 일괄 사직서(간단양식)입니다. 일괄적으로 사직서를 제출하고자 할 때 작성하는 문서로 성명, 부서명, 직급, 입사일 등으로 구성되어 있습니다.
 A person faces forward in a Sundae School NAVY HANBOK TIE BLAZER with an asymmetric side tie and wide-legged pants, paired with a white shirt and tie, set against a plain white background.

--

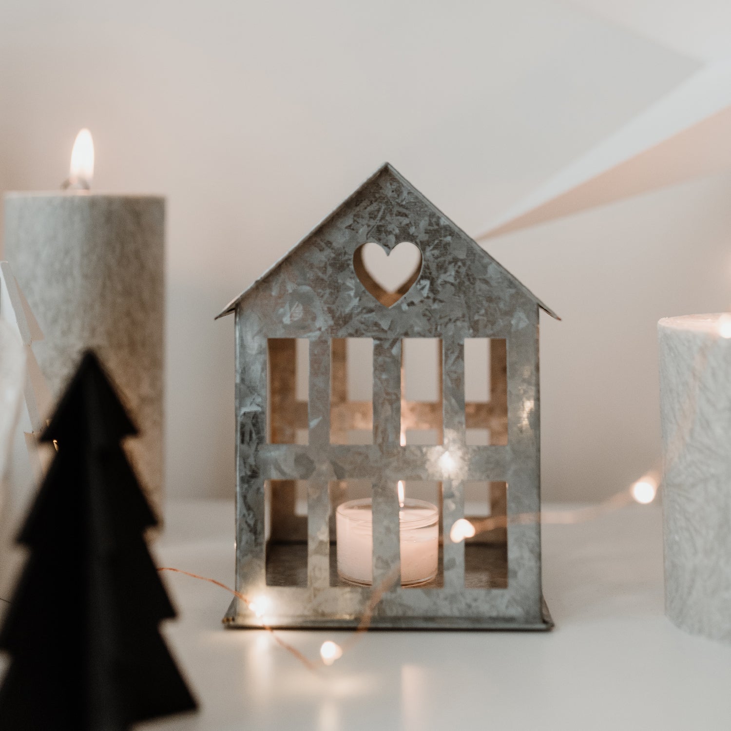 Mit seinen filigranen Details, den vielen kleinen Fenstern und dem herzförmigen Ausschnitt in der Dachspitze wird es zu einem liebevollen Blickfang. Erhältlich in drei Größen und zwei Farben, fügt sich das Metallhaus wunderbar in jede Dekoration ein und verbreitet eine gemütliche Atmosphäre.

TASK PROMPT:
Where the data above reaches the line holding "일괄 사직서(간단양식)입니다. 일괄적으로", begin printing, and stop after the line holding "A person faces". Each line must be reproduced exactly, with nothing else added.

SOLUTION BELOW:
 일괄 사직서(간단양식)입니다. 일괄적으로 사직서를 제출하고자 할 때 작성하는 문서로 성명, 부서명, 직급, 입사일 등으로 구성되어 있습니다.
 A person faces forward in a Sundae School NAVY HANBOK TIE BLAZER with an asymmetric side tie and wide-legged pants, paired with a white shirt and tie, set against a plain white background.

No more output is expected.